- Born: December 16, 1934 Greensboro, North Carolina
- Died: January 15, 2022 (aged 87) Danbury, Connecticut
- Occupation: screenwriter
- Period: 1966-1991
- Notable works: Summer of My German Soldier (1978)
- Notable awards: Humanitas Award

= Jane-Howard Hammerstein =

American screenwriter (1934–2022)

Jane-Howard Hammerstein (December 16, 1934 – January 15, 2022) was an American screenwriter best known as the writer of the film Summer of My German Soldier (1978), which earned a Humanitas Prize and was nominated for an Emmy Award. She also wrote the screenplay for Long Road Home (1991).

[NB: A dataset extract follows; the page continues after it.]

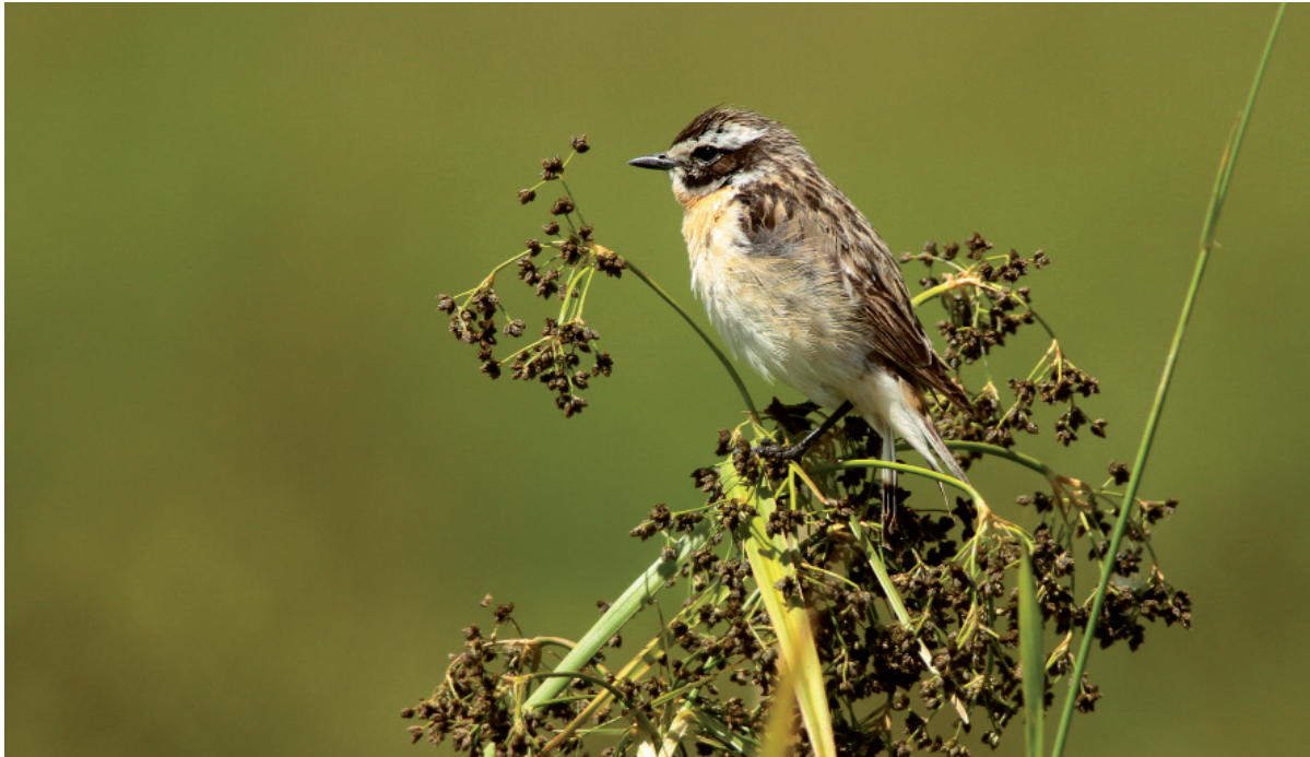
Abb. 1: Braunkehlchen auf Sitzwarte im SPA Maltsch, 1.7.2017. - Whinchat on a perch in SPA Maltsch, 1 July 2017.

paaren (67%) Bruterfolg. Das erscheint als sehr hoher Wert, vergleicht mit etwa mit einer Studie in der Schweiz, in der von 172 Paaren 88 bzw. 51% erfolgreiche Bruten aufwiesen (LABHART 1988). Allerdings verweist schon die durch-

== Early life and education ==
Hammerstein was born in Greensboro, North Carolina on December 16, 1934. Her parents were William Henry Holderness and Martha Broadhurst Brooks. She was educated in Greensboro public schools and briefly attended Woman's College (now the University of North Carolina at Greensboro) but did not complete her bachelor's degree.

Hammerstein represented North Carolina at the 1958 World's Fair in Brussels.

== Career ==
Hammerstein began writing in 1961 while living in London with her first husband, Robert Carrington. Carrington and Hammerstein co-wrote several screenplays during the 1960s, including those for the films Kaleidoscope (1966) and Wait Until Dark (1967). During this time, she was credited as Jane-Howard Carrington.

In 1978, Hammerstein achieved wide recognition as the writer of the NBC television film Summer of My German Soldier, directed by Michael Tuchner and adapted from the novel of the same name by Bette Greene. Hammerstein was nominated for an Emmy Award for the film's screenplay, the first feature-length script she had written without a partner.

Hammerstein also wrote the screenplay for the 1991 film Long Road Home, a period piece about migrant farm workers during the Great Depression directed by John Korty. The story was adapted from the novel of the same name by Ronald B. Taylor. Reviews of the screenplay were more mixed than they had been for Summer of My German Soldier. However, Hammerstein's script earned a Writers Guild Award for best adapted longform screenplay.

== Private life and death ==
Hammerstein was married to fellow writer Robert Carrington during the 1960s. In 1972, she married William Hammerstein, son of lyricist Oscar Hammerstein II.

Hammerstein died in her sleep at Danbury Hospital in Danbury, Connecticut on January 15, 2022. She was 87 years old.